Lorsqu'un caillou propulsé par une volonté inconnue vint percer la quiétude. Il alla s'écraser contre la surface terne de l'étang et, soumis à la gravité, s'enfonça lentement dans la profondeur de la vase. Un murmure scandalisé parcourut l'ensemble de la faune floresque. Les bébés poissons, inquiets, se réfugièrent sous les rassurantes nageoires de leur mère tandis que les papas s'affairaient, à chaque extrémité de la mare, de rassurer les plus téméraires par des contes. Même s'ils faisaient les fiers-à-branchies, ils n'en étaient pas moins outrés du danger que ce caillou incongru venait de faire courir à l'ensemble de la communauté. Les nénuphars maintenaient comme elles le pouvaient une certaine élégance au milieu de ce remous régulier qui avait éparpillé au loin les entreprenantes libellules. Peu à peu elles y parvinrent, sous les moqueries des roseaux qui n'avaient, évidemment, pas rompu. Les animaux étaient en colère et commentaient avec cruauté le manque de politesse de ces cailloux qui viennent choir si improprement au fond de leur royaume. C'était d'ailleurs fort justifié. Un caillou, était-ce bien un caillou ? Pourquoi ne pas l'avoir fait ailleurs, après tout. Le lac n'est qu'à quelques encablures d'ici, un gravillon dans cette étendue n'aurait été qu'une goutte d'eau dans la mer. Cela montre bien le mépris, oui madame, le mépris que l'on peut avoir en ces temps dits modernes pour la tranquillité d'autrui. La madame en question approuvait d'un œil sévère tout en contemplant le désastre. Cela retarderait l'avancée de la journée, perturberait la parade nuptiale des grenouilles, ferait manquer le baptême de la petite dernière mouchette, la famille étant déjà endimanchée. Les poissons étaient toujours effrayés et commençaient à pleurer des larmes invisibles pour nous profanes, mais ô combien déchirants pour leur mère. Le crapaud coausait toujours, répandant ses insanités sur la jeunesse caillouteuse. Les vieux crapauds aiment à donner de bons conseils, sans doute pour se consoler d'avoir été jadis de mauvais exemples.

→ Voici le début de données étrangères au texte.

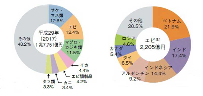 2017年度の水産物輸入品目内訳(左)とエビの輸入相手国・地域(右)。エビ調製品を含めれば、輸入量のトップはエビになる(注1:2205憶円はエビ調製品750億円を除いた数字)

La matinée s'étira paresseusement, ainsi. Peu à peu, les heures allant, la rumeur de la mare s'atténua et revint à son calme initial. Les libellules avaient repris leur tragique ballet dans l'espoir d'une impossible union avec les nénuphars, qui se gardaient bien de le leur dire, bien entendu. La famille Mouche avait pu s'arranger pour sa cérémonie. La vase reprenait ses droits, allait épandre à nouveau sa valse vers le centre du marais.

 

Restait le caillou, qui avait fini par atterrir au fond, et qui y resterait immobile et vite oublié, jusqu'à la fin des temps.